Data entries:
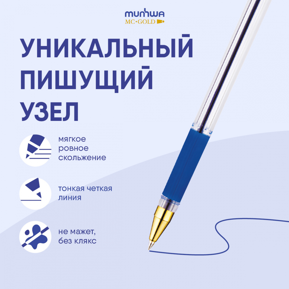 Ручка шариковая MunHwa "MC Gold" 0,5мм., синяя, грип, ВМС-02 (12)
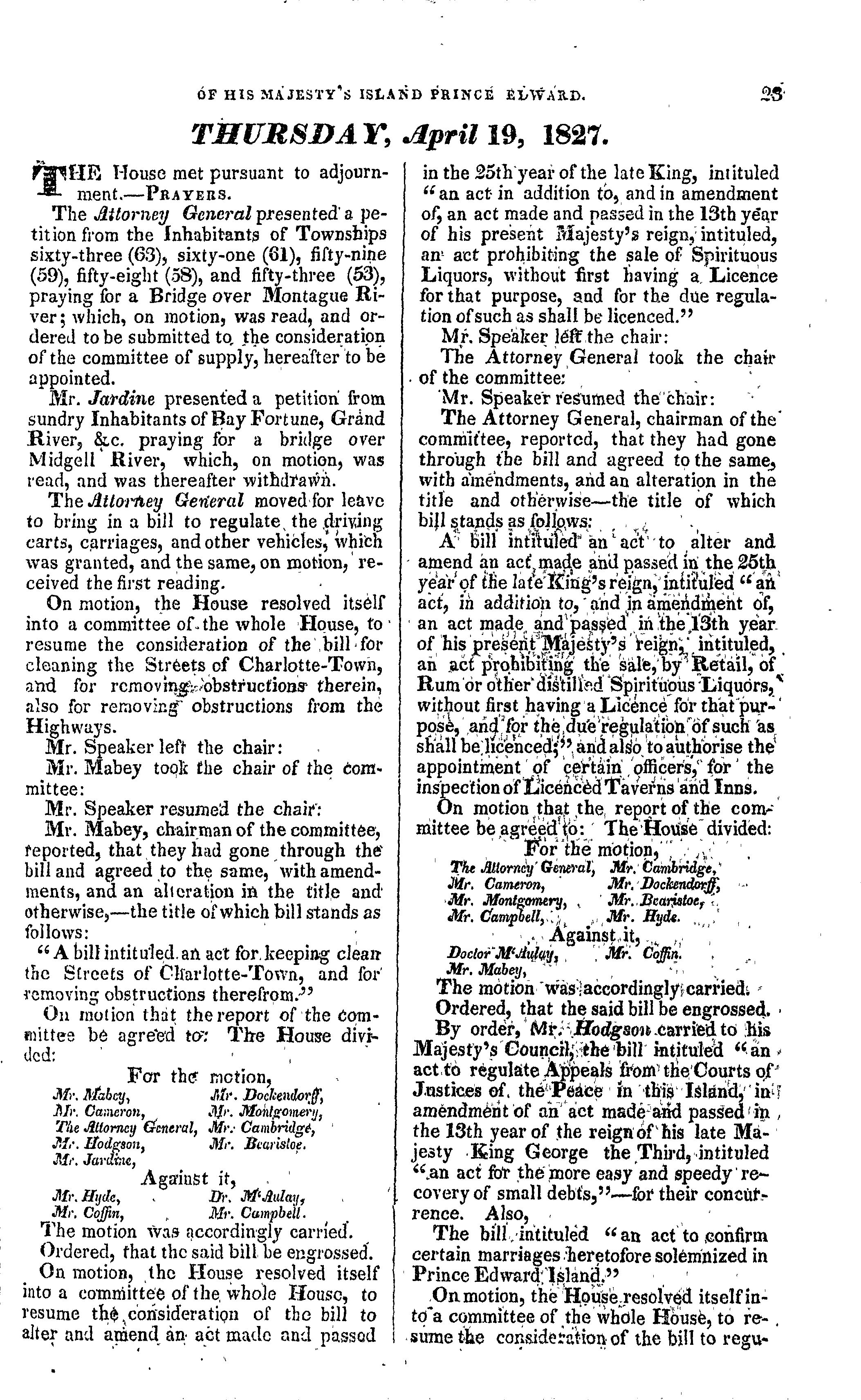Journal of the House of Assembly of Prince Edward Island ... : Journal of the House of Assembly of His Majesty's Island Prince Edward : third session of the twelfth General Assembly : 1827
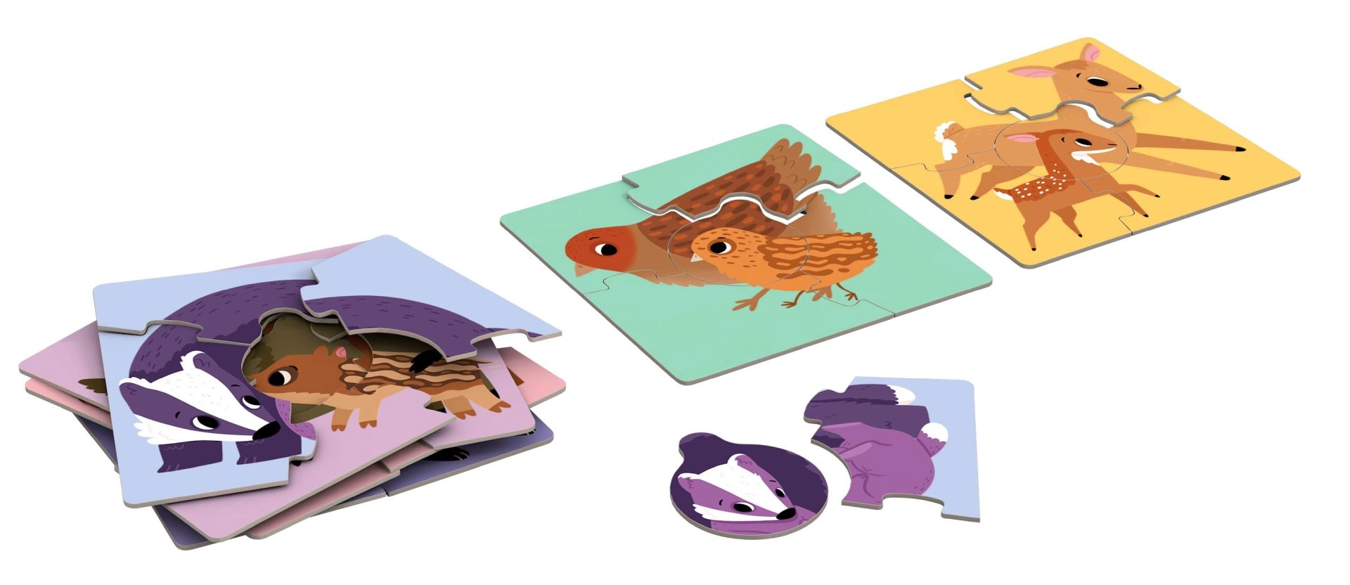 Este set incluye seis rompecabezas cuadrados con ilustraciones de familias de animales: oso, zorro, tejón, jabalí, corzo y pajarito. Cada motivo se compone de cuatro piezas grandes con un tamaño final de aprox. 15,5 × 15,5 cm. Las mismas formas de los encajes de conexión llevan a los niños a probar de manera sistemática y a una correcta asignación; además, las piezas centrales de las crías tienen la misma forma en todos los motivos.
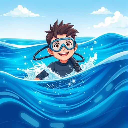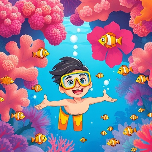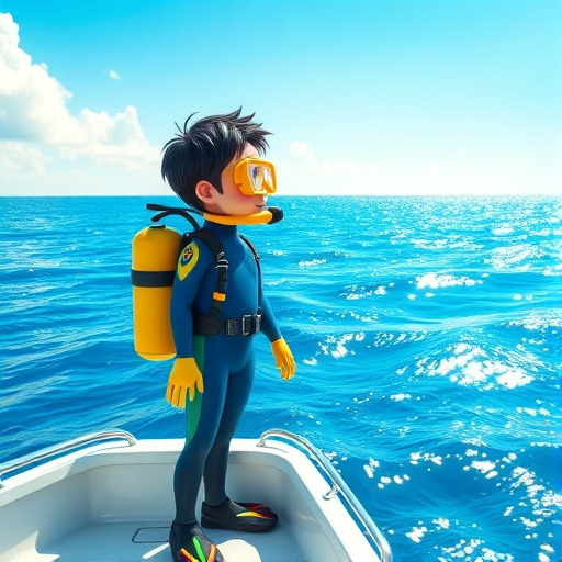 재우는 동안, 바다는 잔잔하게 출렁거렸어요. 재우는 스킨스쿠버 장비를 갖추고 작은 보트를 타고 바다 위로 떠났습니다. 물결 사이로 반짝이는 햇살, 멀리서 흔들리는 파도, 그리고 수면 아래서 반짝이는 물고기들의 빛깔이 신기했어요.
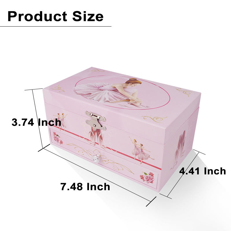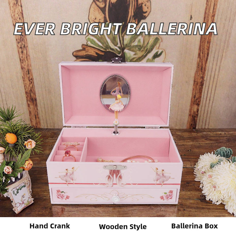Boîte à musique en bois rectangulaire à manivelle, avec figurine de ballerine rotative, pour bijoux, durée sonore 120 secondes, Ever Bright Beauty
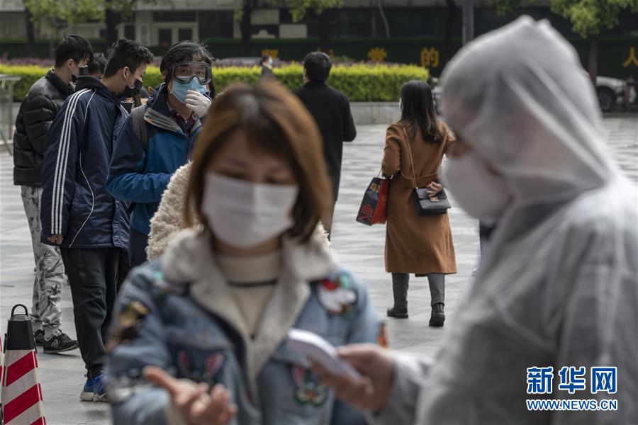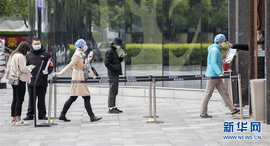 3月30日,顧客排隊(duì)進(jìn)入武商國(guó)際廣場(chǎng)。當(dāng)日,武漢市多家商場(chǎng)開門迎客。新華社記者費(fèi)茂華攝
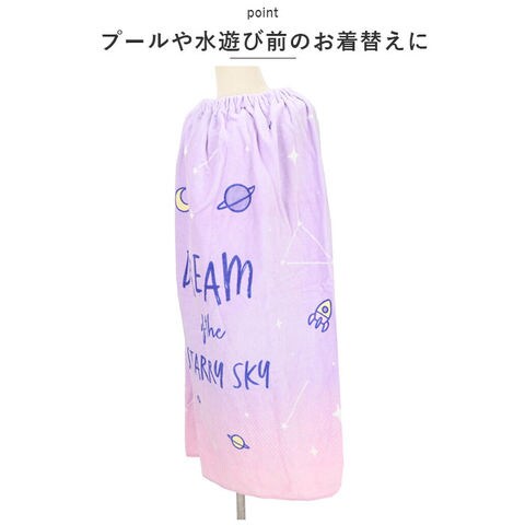 | 商品説明 | プールや海水浴のお着換えがとってもスムーズ!ユニークな絵柄が楽しい、キッズ向けプール用マキタオル(80cmタイプ)が新登場。【安心の綿100%素材】タオルの表面は肌触りの滑らかなコットン100%のシャーリング加工生地、裏地はふわっとパイル生地仕上げ。ゴワゴワしないから、お着替えタイムが快適。【プールや水遊び前のお着替えに】巻きタオルでくるっと身体を包みこんだら、タオルの中でサッとお着替え♪すっぽりと身体が隠れて、ひとりでのお着替えも慌てず安心!【ウエストゴムがピタッとフィット】ウエストはゴムタイプ&2段階に調節できるスナップボタンで、身体にぴったりフィット!タオルがストンと落ちてしまう心配ナシ!【きちんと閉まって安心】サイドも3ヶ所のスナップボタンできちんと留めることができるので、更衣室や教室でお友だちと一緒のお着換えも恥ずかしくない♪【バスタオルにしてもOK!】ほどよい吸水力のあるコットン素材で、お着換えの後は身体を拭くバスタオルとしてはもちろん、ヘアドライ用にも最適!【ご家庭で簡単お洗濯!】洗濯ネットに入れて優しくお洗濯すれば、毎日のお手入れもラクラク。(※色落ちや毛羽落ちしますので、他のものと別にお洗濯してください。)【壁掛けループ&ネームタグ付き】ウエストの端に、壁掛けフックに掛けられるループ付き。裾にはネームタグも付いているので、お友だちとお揃いの柄でも大丈夫。【夏リゾートが楽しくなるデザイン】お気に入りの柄のタオルで、スタイリッシュにお着替え完了!お洒落キッズも大満足のバラエティに富んだカラーラインナップ。 |
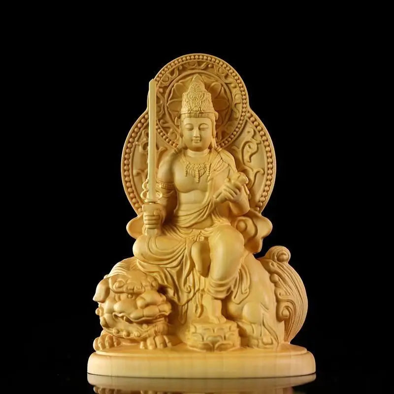 Cliff Cypress Wood Carving Manjusri Samantabhadra Bodhisattva Patron Saint Hand Carved Artifact Decoration Sculpture Modern Art
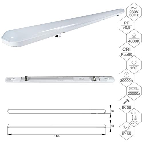 VERWENDUNG: Diese hermetische Wannenleuchte eignet sich sondern den Ergreifung in schwierigen Arbeitsbedinungen z.B in Industriehallen, Lagerhallen, Werkstätten in Stellung.
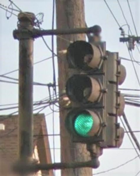 Right: This is the southbound perspective of the ferry entrance. This view confirms that the intersection was controlled by a single Crouse-Hinds Type T head per approach.
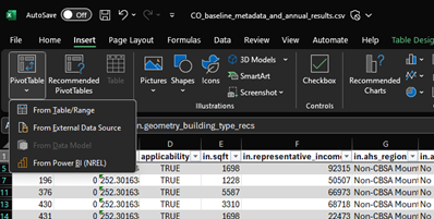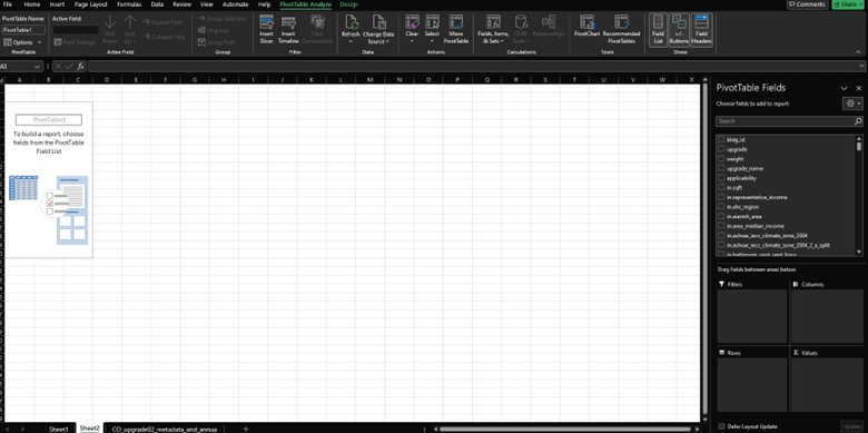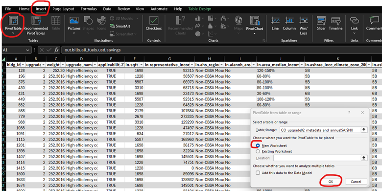 Then, for the natural gas bills on the data dictionary, we have one option out.bills.natural_gas.usd, but we want to know the savings, not just the total bills. Look back at the CO_upgrade02_metadata_and_annual_results file, and search for “out.bills.natural_gas”. There are actually two listings, one is out.bills.natural_gas, and the other is out.bills.natural_gas.usd.savings, which is what we actually want. Therefore, let’s use the out.bills.natural_gas.usd.savings. We’ll use Excel and PivotTable to answer the questions about the upgrade information too. As a first step, insert a new PivotTable following the same steps as the baseline housing.
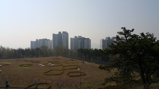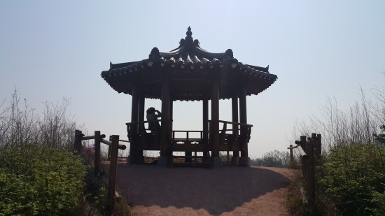There is a milestone in the trail entrance. There are facilities and spaces to exercise in the middle. Hee Sung apartment is located next to the world apartment. I can see Ilsan Bridge far away from Palgakjeong Pavilion. It is an octagonal ridge located on the top.
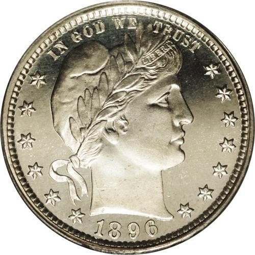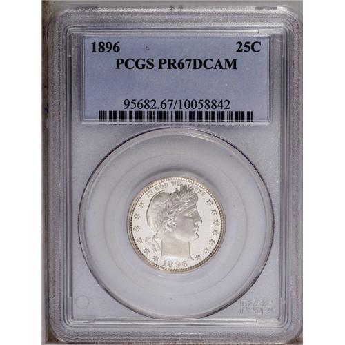 <B>1896<25C> PR67 Deep Cameo PCGS.</B></I> Both sides of this needle-sharp, Superb Gem example present as fully brilliant. Not only the portrait and eagle display prominent white-on-black contrast, but the stars, legends, and date are also frosty. A few small marks and luster grazes on the principal obverse device are noted merely for pedigree purposes. Only 762 proofs were struck in 1896. Population: 7 in 67 Deep Cameo, 2 finer (4/06).
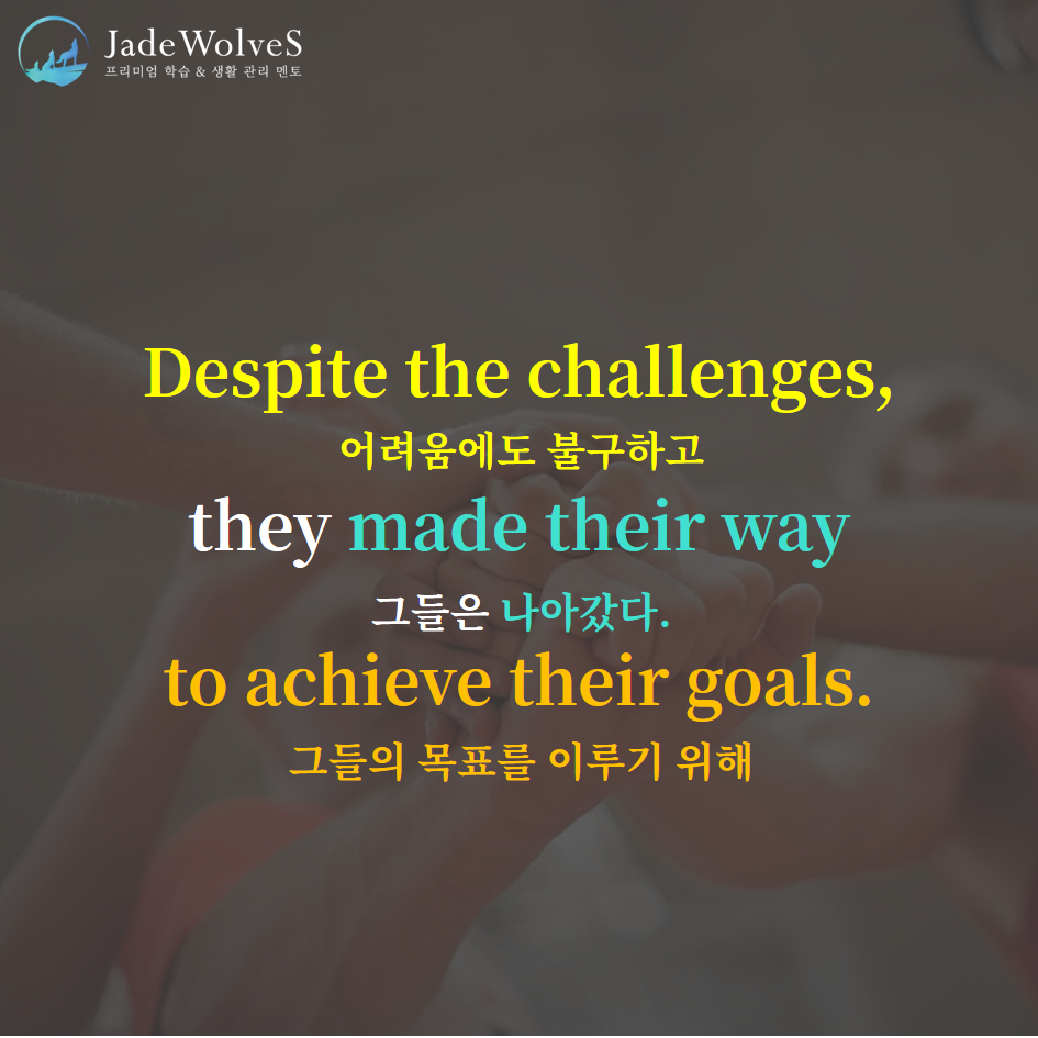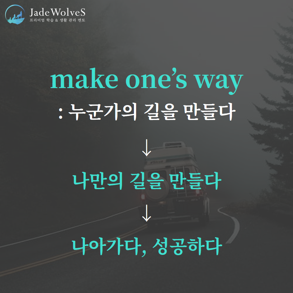 2) make one's way : "누군가의 길을 만들다"라고 해서 "나아가다, 성공하다"라는 의미로 사용됩니다.
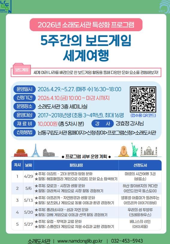 【뉴스라이트 = 이세현 기자】 인천시 남동남동구립도서관은 지역주민들에게 다채로운 독서문화 체험의 장을 제공하기 위해 ‘2026년 특성화 프로그램’을 운영한다고 22일 밝혔다.
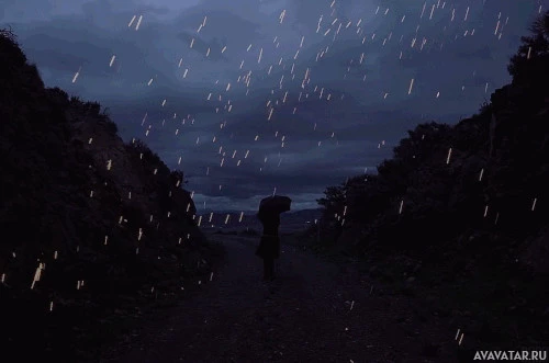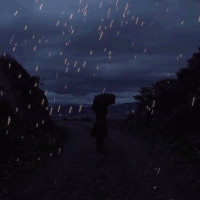 The image shows a person walking with an umbrella during the night. There is rain or
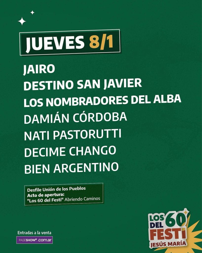* Jueves 15: Platea A $180.000 / Platea B $150.000
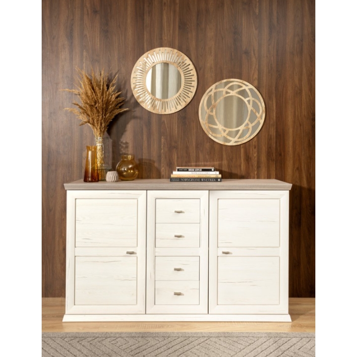 The Camron 150 cm chest of drawers is a piece of furniture that will be perfect for any interior where order and balanced style are important. Its construction is based on a system of four drawers and two side cabinets equipped with shelves. Such a solution allows you to conveniently organise your wardrobe, documents, textiles or small accessories, while also offering display space on the wide top.
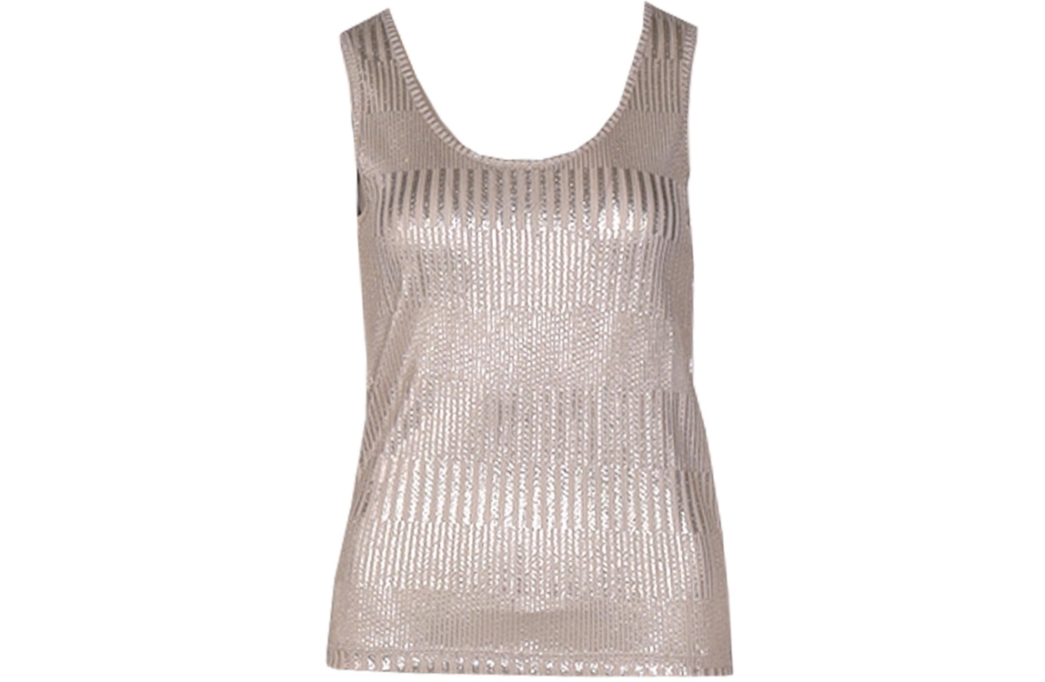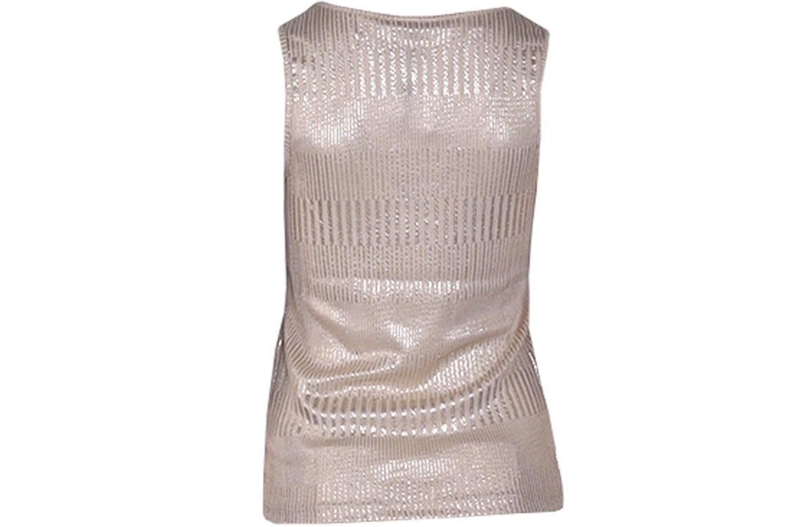 Freequent top FQMATTER 206042. Dit rechtvallend model is voorzien van een ronde hals en is mouwloos. Deze beige top van Freequent is bewerkt met metallic all-over.
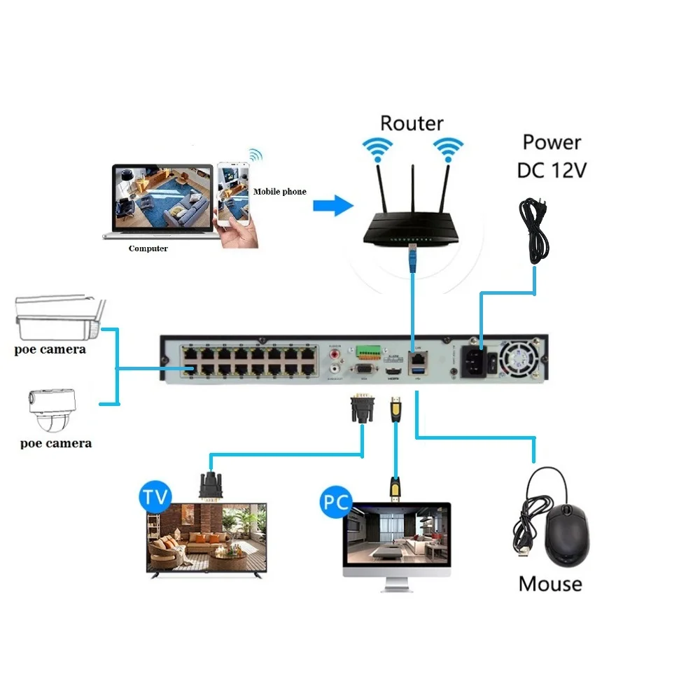 1 * DS-7616NI-K2/16 P 16CH POE NVR (Sterven kan ondersteuning Max 16 шт 4MP camera's) 8*4 МП POE hikvision камера HDD (дополнительно) — 1 шт.
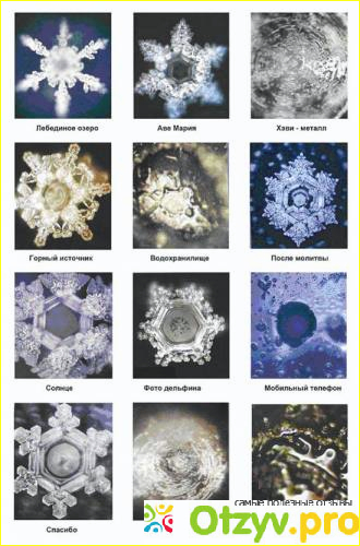 ... Будто бы подразумевается то, что вот, дескать, человек выложил из пачки в 48 штук несколько фотографий различных кристаллов воды, сделанных под микроскопом... Там показаны, мол, кристаллы, которые создаёт матушка природа, когда человек произносит те или иные слова или фразы...

EXERCISE INSTRUCTIONS:
Could you repeat exactly the lines from the first one of the records above through the line containing "Journal of the House of Assembly of Prince", leaving out any pictures?

SOLUTION TO THIS TASK:
 Ручка шариковая MunHwa "MC Gold" 0,5мм., синяя, грип, ВМС-02 (12)
Journal of the House of Assembly of Prince Edward Island ... : Journal of the House of Assembly of His Majesty's Island Prince Edward : third session of the twelfth General Assembly : 1827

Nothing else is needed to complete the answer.